Lung Cancer, Chronic Obstructive Pulmonary Disease (COPD) and Cardiovascular disease (CVD) are called the Big-3 (B3) in health care. Together they cause the highest mortality, morbidity and economical strain on health care in the western world. The three diseases are mostly assessed using computed tomography scans (CT-scans). B3CARE aims to advance the technology readiness level for screening of the three diseases by accelerating software development for data post-processing of CT-images. To accomplish this, a robust B3 screening method is required as well as implementation of this method in the current health care.
To realise widespread implementation of B3 screening, it is necessary to inform/train (technical) physicians on how to exploit computer assistance based on post-processing software like machine learning and deep learning designed for assessment of these diseases. Better assessment of B3 disease can be achieved by integration of one’s own visual interpretation of image data with quantitative outcomes of machine intelligence. In this way indicating evidence on which a machine learning or software post-processing interpretation is based.

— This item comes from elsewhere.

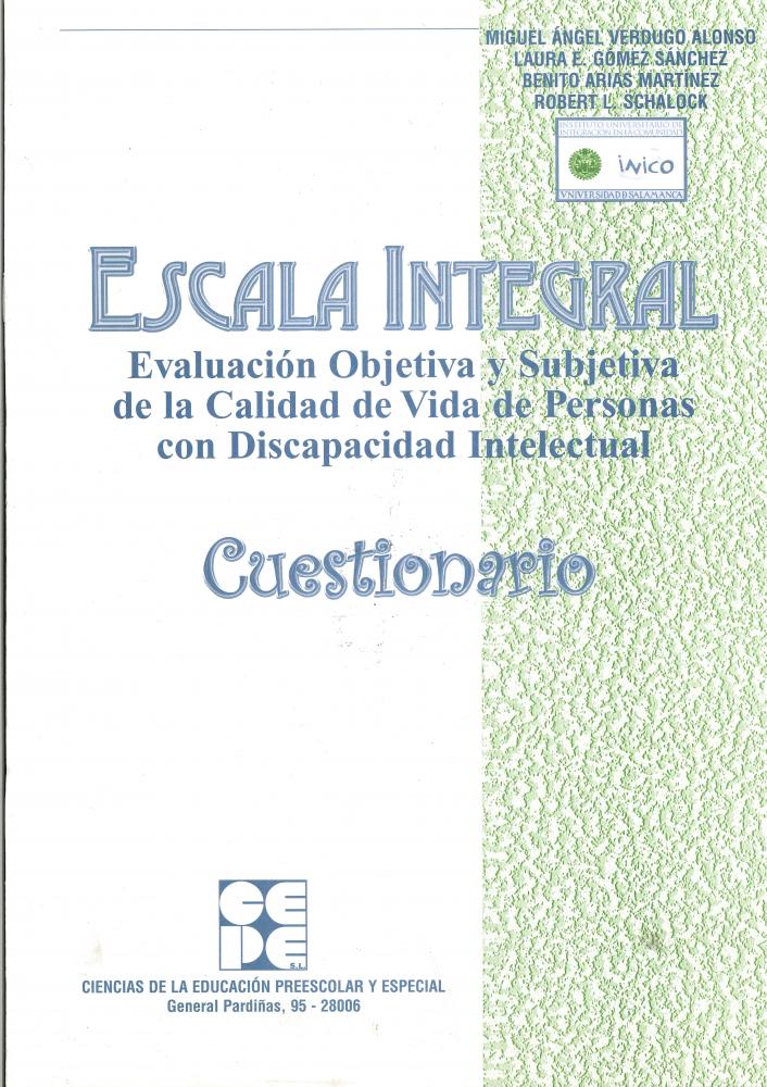 FICHA TÉCNICA ESCALA INTEGRAL Nombre: Escala Integral de Calidad de Vida. Subescalas: Escala Objetiva y Escala Subjetiva de Calidad de Vida. Autores: Miguel Ángel Verdugo Alonso, Laura E. Gómez Sánchez, Benito Arias Martínez y Robert L. Schalock. Significación: Evaluación multidimensional de la calidad de vida y estudio de la relación entre la evaluación objetiva y subjetiva de calidad de vida. Basada en el modelo multidimensional de Schalock y Verdugo (2002-2003). Ámbito de aplicación: Personas con discapacidad intelectual con habilidades de comprensión y expresión. Edad de aplicación: A partir de 18 años. Informadores: Profesionales de los servicios sociales que conozcan a la persona al menos desde hace tres meses. Validación: Instituto Universitario de Integración en la Comunidad (INICO). Universidad de Salamanca, España. Administración: Individual o colectiva. Ambas escalas son autoadministrables. Es posible la aplicación de una sola de las subescalas así como su aplicación conjunta. Duración: Forma completa: 27-40 min. Escala Objetiva: 7-10 min. Escala Subjetiva: 20-30 min. Significación: Escala Objetiva: evaluación objetiva de la calidad de vida (Autodeterminación, Bienestar emocional y físico, Bienestar material, Inclusión social y Bienestar Laboral). Escala Subjetiva: evaluación subjetiva de la calidad de vida (Autodeterminación, Bienestar emocional y físico, Bienestar material, Inclusión social, Bienestar Laboral y Bienestar Familiar). Finalidad: Identificar el perfil de calidad de vida objetiva y subjetiva de una persona para la realización de planes individualizados de apoyo, estudiar la relación o discrepancia entre ellas y proporcionar una medida fiable para la supervisión de los progresos y los resultados de los planes. Baremación: Puntuaciones estándar (M= 10; DT= 3) en las dimensiones de calidad de vida, percentiles e Índice de Calidad de vida.

In the beginning stage of the project it will be assessed what the possibilities in the field of machine learning, and specifically deep learning, are in regards to the B3CARE project. Using this assessment it will become clear what subject(s) will be most interesting for application. This could consider techniques for visualising deep neural networks in assessment of the three diseases. Another example could concern the mimicking of CT-data, using deep learning, of the three diseases to create an endless database of CT-images. After an explorative phase, the assignment will focus on one of the mentioned examples. The eventual goal of the project will be to contribute to giving (technical) physicians insight in the use of machine learning and deep learning in the assessment of B3 diseases.